Exercise prompt: The data should be written out in full, exactly as it stands, and the pictures dropped.

(Extracted data entries)
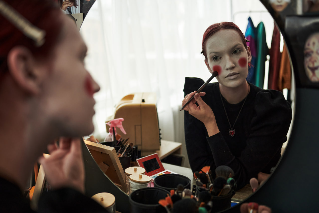 Applying stage makeup requires skill and precision. Layering colors and textures enhances realism and ensures features are visible from all audience angles. Foundation, contouring, highlights, and shadows work together to define facial structure, enhance expressions, and support character identity. For complex designs, applying prosthetics or special effects elements in stages allows for proper blending and secure adhesion, producing a seamless and professional finish.
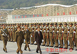 錢其琛檢閱駐澳部隊 作者:王麗南 解放軍駐澳門部隊19日公開亮相,國務(wù)院副總理、澳門特別行政區(qū)籌委會主任委員錢其琛在廣州軍區(qū)司令員陶伯鈞和駐澳部隊司令員劉粵軍陪同下,在駐澳部隊珠海基地檢閱駐澳門部隊儀仗隊。 |
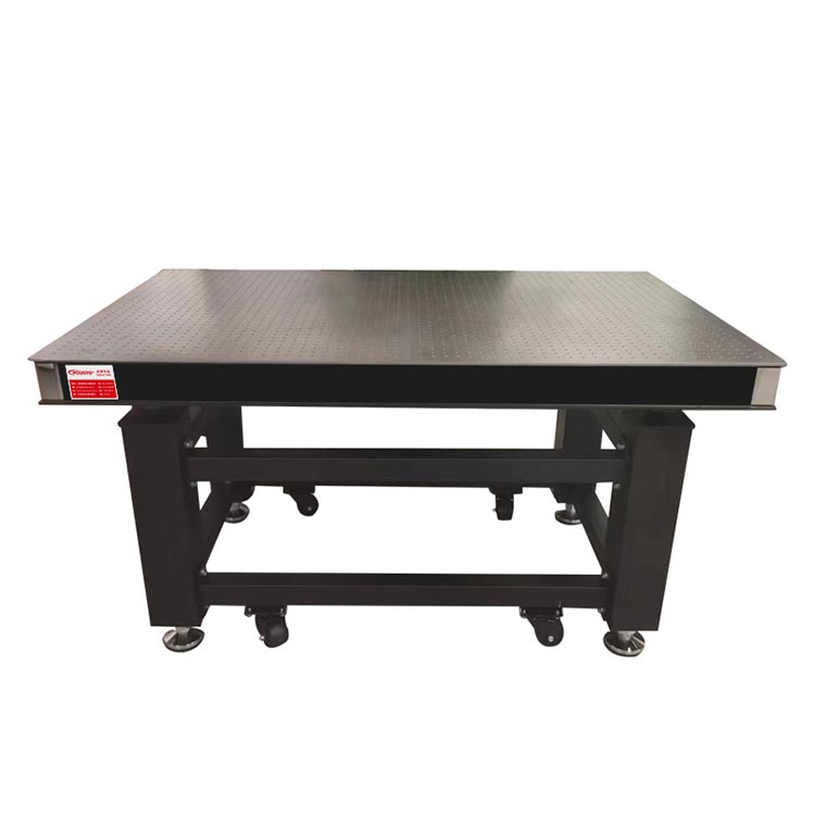 • 臺板采用蜂窩芯夾板結構,具有重量輕、高剛度、高阻尼等優點,上面板為1cr17優質高導磁不銹鋼,經精密研磨處理,表面平面度高。回旋打磨工藝清除毛邊,達到無反射、亞光效果,面板具有M6螺孔,易于固定光學元件。
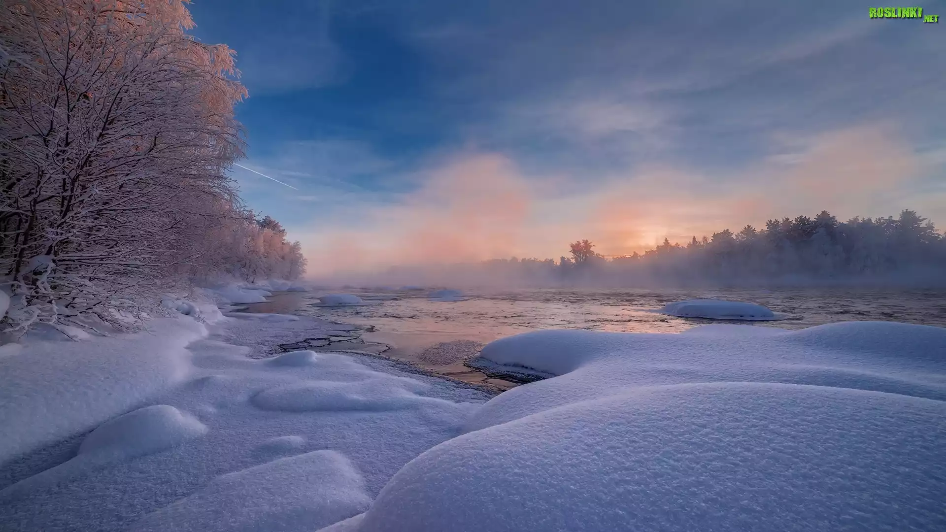 Rośliny: Zima, Mgła, Rzeka Pirenga, Drzewa, Półwysep Kolski, Obwód murmański, Rosja
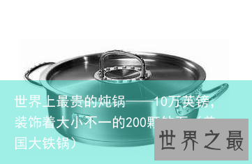德国菲仕乐炊具制造公司生产的这款圆形炖锅直径0.28米,锅身安有两个把手,锅身的把手和锅盖的把手由0.91公斤重的足金锻造而成,并且装饰着大小不一的200颗钻石,重量只比普通铝制炖锅略重。标价10万英镑。

Written answer:
 Applying stage makeup requires skill and precision. Layering colors and textures enhances realism and ensures features are visible from all audience angles. Foundation, contouring, highlights, and shadows work together to define facial structure, enhance expressions, and support character identity. For complex designs, applying prosthetics or special effects elements in stages allows for proper blending and secure adhesion, producing a seamless and professional finish.
 錢其琛檢閱駐澳部隊 作者:王麗南 解放軍駐澳門部隊19日公開亮相,國務(wù)院副總理、澳門特別行政區(qū)籌委會主任委員錢其琛在廣州軍區(qū)司令員陶伯鈞和駐澳部隊司令員劉粵軍陪同下,在駐澳部隊珠海基地檢閱駐澳門部隊儀仗隊。 |
 • 臺板采用蜂窩芯夾板結構,具有重量輕、高剛度、高阻尼等優點,上面板為1cr17優質高導磁不銹鋼,經精密研磨處理,表面平面度高。回旋打磨工藝清除毛邊,達到無反射、亞光效果,面板具有M6螺孔,易于固定光學元件。
 Rośliny: Zima, Mgła, Rzeka Pirenga, Drzewa, Półwysep Kolski, Obwód murmański, Rosja
德国菲仕乐炊具制造公司生产的这款圆形炖锅直径0.28米,锅身安有两个把手,锅身的把手和锅盖的把手由0.91公斤重的足金锻造而成,并且装饰着大小不一的200颗钻石,重量只比普通铝制炖锅略重。标价10万英镑。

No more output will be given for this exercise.